Molecular imaging modalities have multiplied over the past couple of generations beyond x-ray, from computed tomography (CT) to positron emission tomography (PET) and from ultrasound to MRI. So too have the number of compounds used and the number of companies with a stake in the industry, not to mention the variations among professionals in interpreting the images they generate.
Since 2008, the Society of Nuclear Medicine through its Clinical Trials Network (CTN) has worked to forge order out of all that chaos. Its aim is to ensure standardization in the use of radiopharmaceuticals in PET imaging studies as part of clinical trials.

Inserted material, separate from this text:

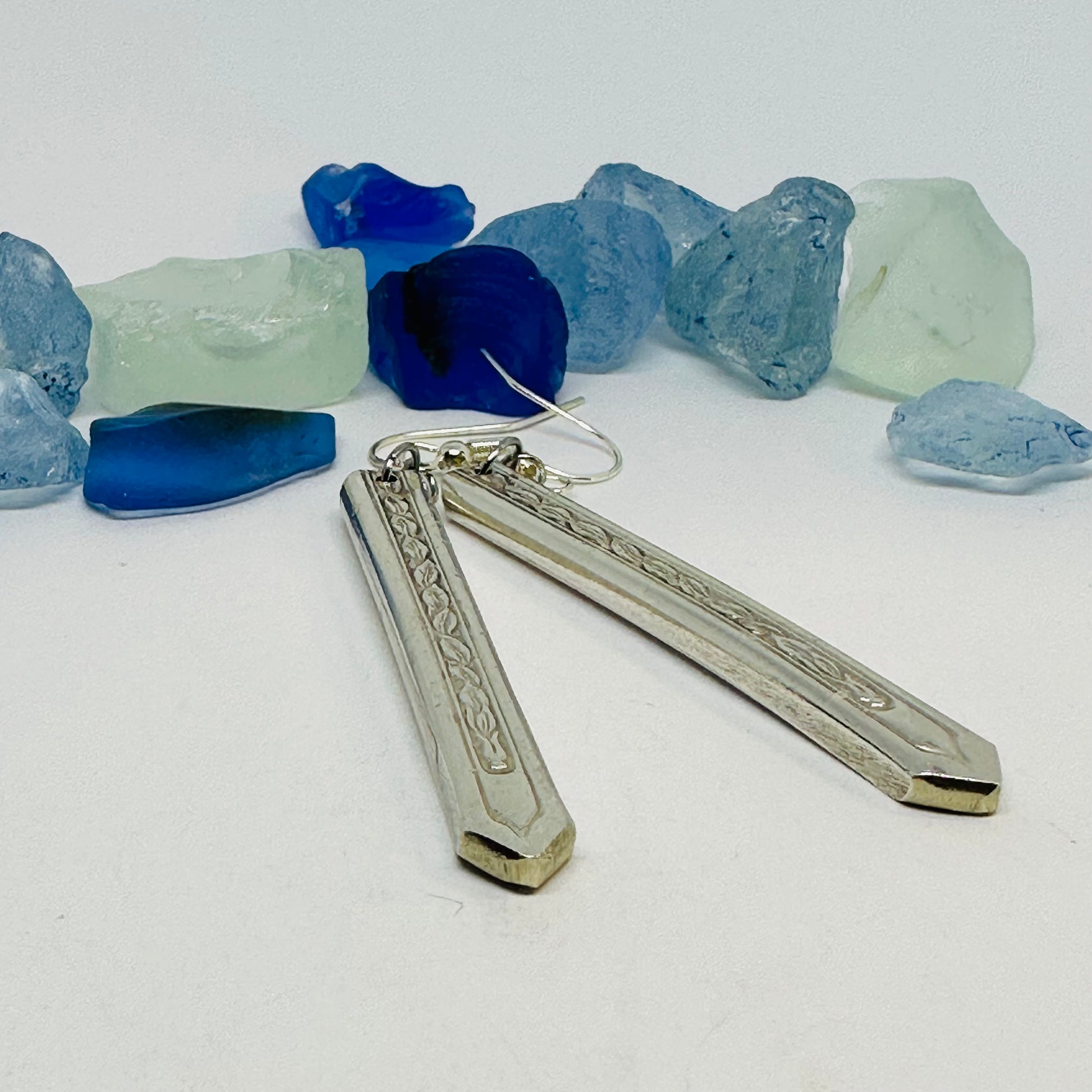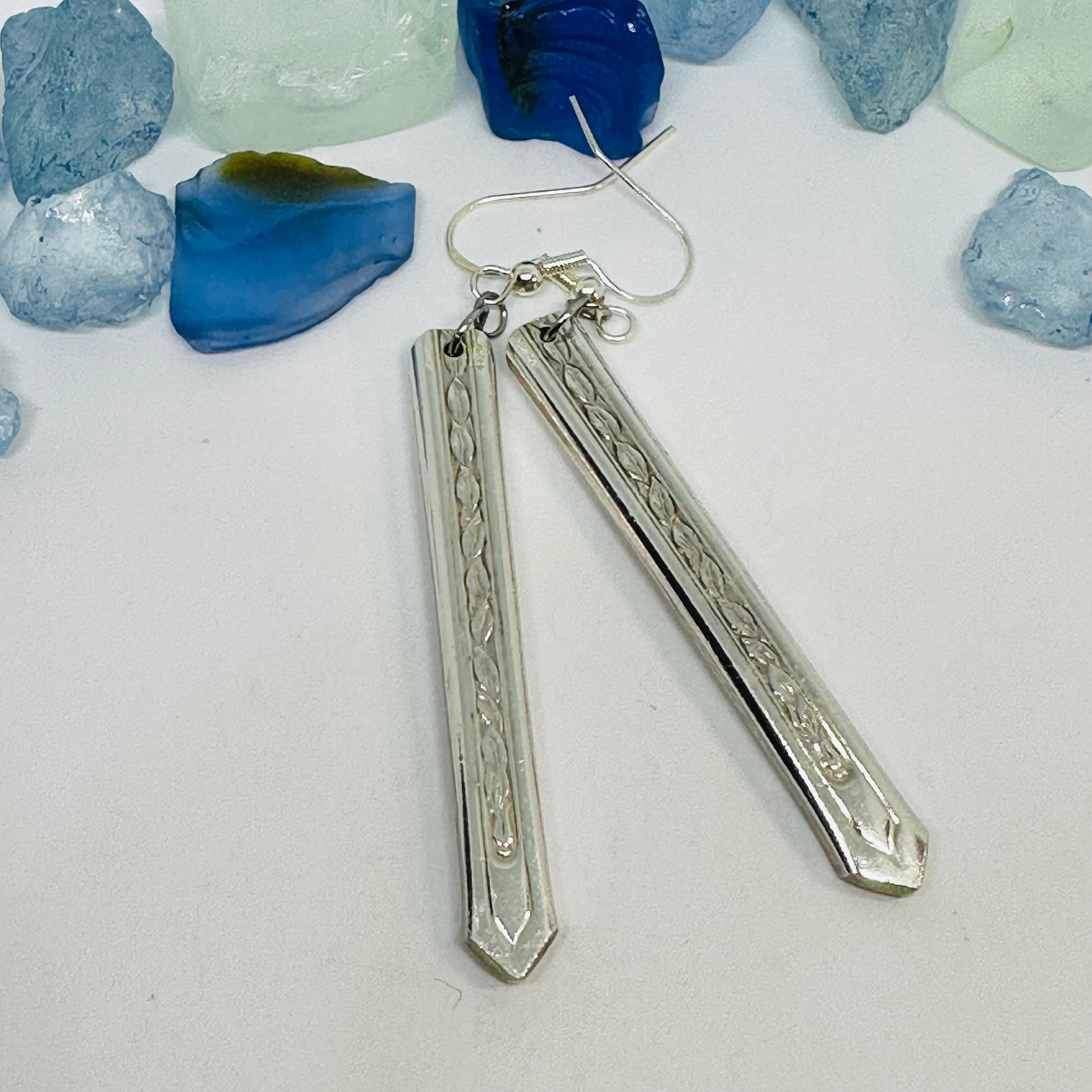 This listing is for a pair of earrings, created by hand from vintage silver plated spoon handles. They measure approximately 2”. They originate from the silverware pattern named “Rose and Leaf” from 1937.

During that time, CTN has worked to build consensus among the professionals carrying out scans and drug companies as well as academic researchers investigating new treatments.
CTN’s nearly three years of efforts have begun to bear fruit. The network has a pair of clinical trials under way with a pharmaceutical company it won’t identify. Additionally, two years ago CTN collaborated with Siemens Molecular Imaging Biomarker Research on a demonstration project to validate scanner calibration and review the image quality of 12 scanners within 10 clinical sites. Five of the 12 completed all validation requirements the first time. That figure eventually rose to 11 of 12, with the most common problem being inaccurate chest oncology phantoms and lesion standardized uptake value measurements.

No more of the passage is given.